National experts warn mass deportations “could blow up the food system” and be “disastrous for the U.S. food supply.”

That’s because the U.S. relies heavily on immigrant workers to pick, pack and ship food. At least 70% of agricultural workers who harvest crops in the U.S. were born outside the country, and about 40% of farmworkers are undocumented.

But in Colorado, farmers say they don’t expect much to change in the state’s $47 billion agriculture industry. The state has a far lower percentage of undocumented workers, experts say, than in states such as California, where laborers can find year-round employment.

Colorado’s shorter growing season makes the state much less attractive for those without legal papers, experts say.

Instead, Colorado growers, ranchers and producers rely heavily on a federal visa program that allows American employers to hire foreign workers legally to do jobs they cannot find domestic laborers to fill.

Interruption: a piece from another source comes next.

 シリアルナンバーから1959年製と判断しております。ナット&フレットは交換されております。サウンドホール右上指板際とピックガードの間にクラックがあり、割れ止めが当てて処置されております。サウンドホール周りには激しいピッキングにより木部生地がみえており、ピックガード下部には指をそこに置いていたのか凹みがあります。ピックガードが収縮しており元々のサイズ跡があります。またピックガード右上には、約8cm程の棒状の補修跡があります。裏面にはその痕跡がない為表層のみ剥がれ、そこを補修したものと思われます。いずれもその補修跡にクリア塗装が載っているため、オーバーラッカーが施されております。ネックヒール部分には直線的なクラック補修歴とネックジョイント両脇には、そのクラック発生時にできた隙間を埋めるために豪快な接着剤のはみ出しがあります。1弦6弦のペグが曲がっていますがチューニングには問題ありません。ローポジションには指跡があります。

Centennial State employers requested just under 4,000 workers in 2023 on H-2A visas, an increase from fewer than 1,200 workers a decade ago, according to Colorado Department of Labor and Employment records. In 2001, just 246 people were approved to work here on H-2A visas.

There are approximately 18,000 “covered” agricultural workers in Colorado — that is, workers who are employed by companies in the agricultural industry and are entitled to benefits under the state’s unemployment insurance program, according to state labor department figures.

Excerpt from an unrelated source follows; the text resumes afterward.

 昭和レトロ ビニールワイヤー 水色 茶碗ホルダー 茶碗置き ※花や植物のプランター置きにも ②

These workers, who do not include undocumented workers or H-2A laborers, are believed to represent 44% of all agricultural workers in Colorado.

Dawn Thimany, a professor of agricultural economics at Colorado State University, estimates 25% to 30% of the agricultural workforce in the state is undocumented.

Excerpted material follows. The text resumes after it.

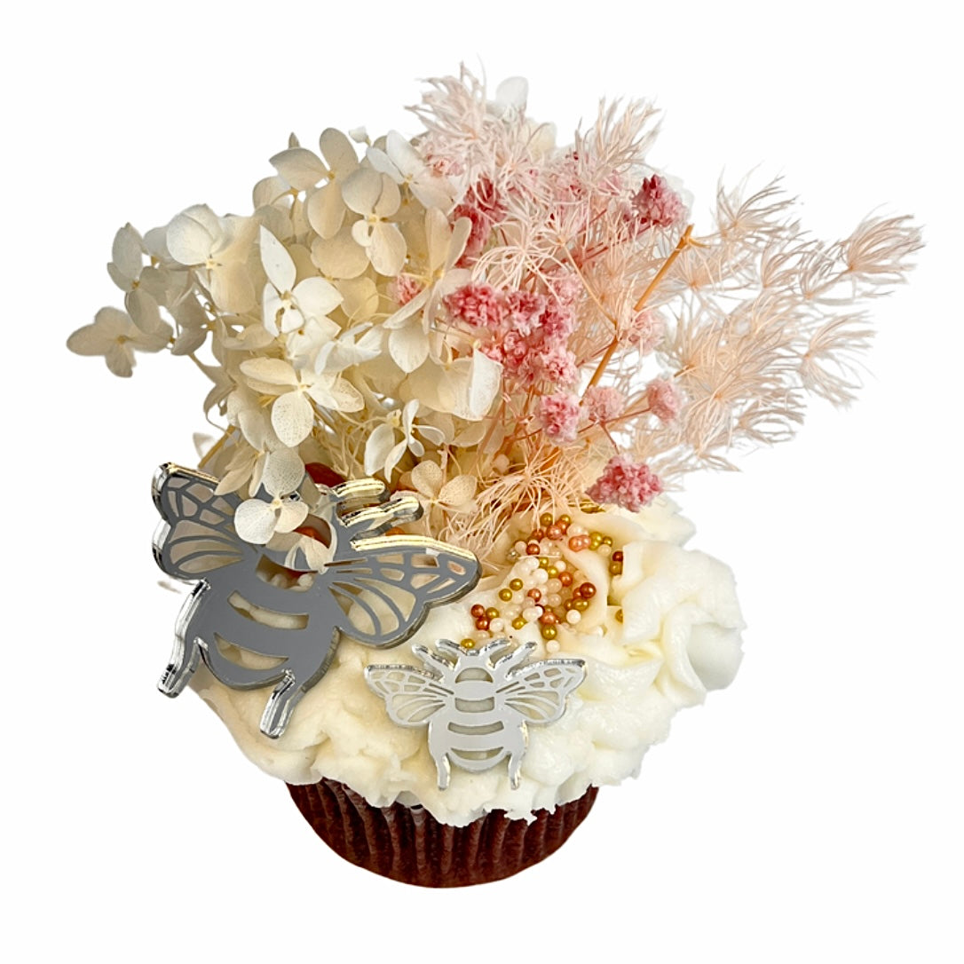 These gorgeous and super shiny mirrored acrylic cupcake topper bees are perfect to decorate handmade or shop bought cupcakes.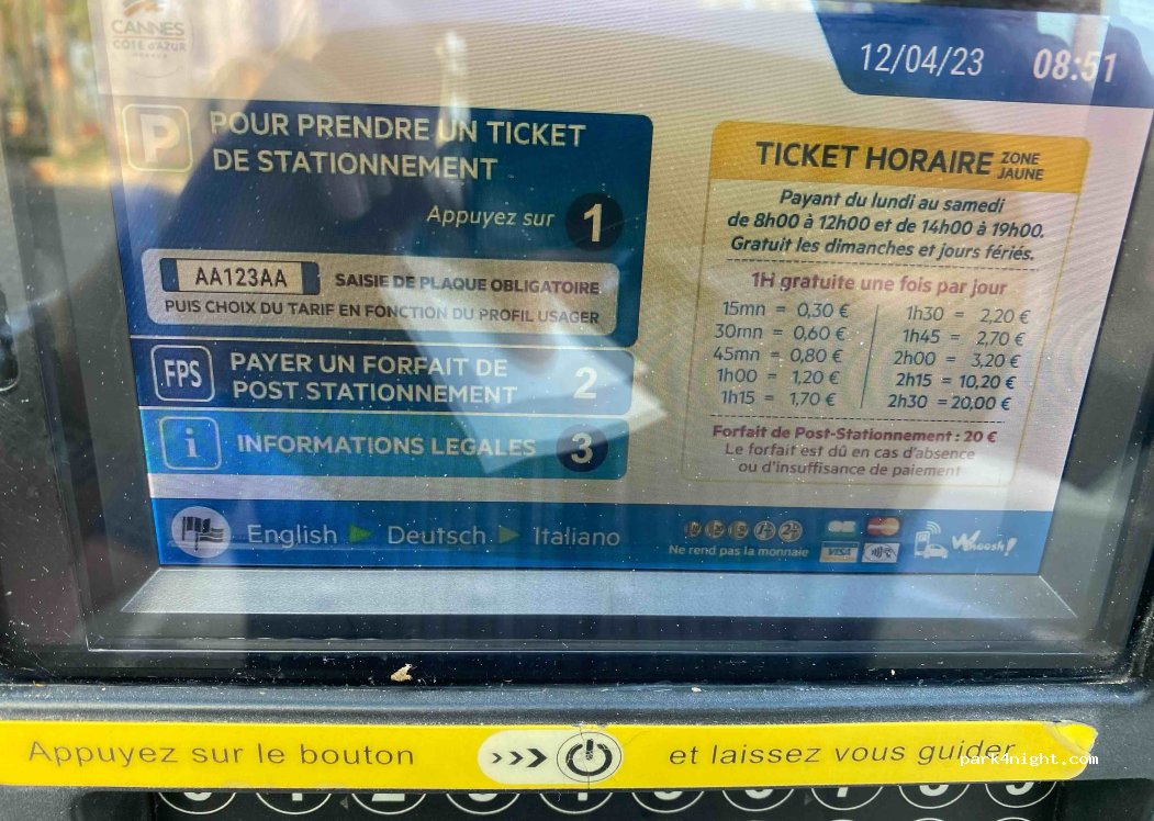 Parking nice located but unfortunately very noisy. Youth meeting in cars and listening to loud music until 2 am and from 7 am here. The police came once but didn't bother us. Public toilets in the park open 9.00-19.30. The next ones (open all night) are approx. 150 m from the parking lot at the Place Franklin Roosevelt bend. Despite the height barriers (1.90), our car 2.10 m passed just below.

Colorado farmers expressed little worry that their operations would be impacted significantly by the new administration. There’s fear nationally that, aside from actual deportation efforts, workers will be scared off from showing up to work.

“It won’t affect the Colorado fruit industry,” said Bruce Talbott, a longtime Palisade peach grower who relies on H-2A workers to pick produce.

Talbott said he didn’t have any more difficulty finding workers this year because foreign laborers — mainly from Central and South America — still flock to the U.S. for higher wages.

“The chances of the administration change being bad for me are pretty slim,” said David Harold, a sweet corn grower in Olathe who also uses the H-2A program.

Colorado growers, though, have not yet seen most of their workers return for the 2025 season, meaning the impact to the state’s agricultural workforce remains to be seen.

One Western Slope farmworker, who spoke to The Denver Post on the condition of anonymity because he has family members who are undocumented, said that although it’s too early to see the impact of the new immigration policies, “a lot of people will think twice before they decide to go to work.”

Thimany said industry watchers here are closely monitoring California, where migrant workers in the Central Valley have stopped showing up for work because of deportation fears, virtually halting the area’s citrus harvest. Leaders in the Bay Area have similar concerns about their harvest.

“They’re not going to show up for work, and that means crops will remain in the field and not be harvested and probably lost at that point,” Monterey County Farm Bureau Executive Director Norm Groot told a San Francisco TV station.

Thimany said Colorado could encounter the same problems in a few months when workers return to the fields.

There are indications the Trump administration supports continuing or even expanding the H-2A program.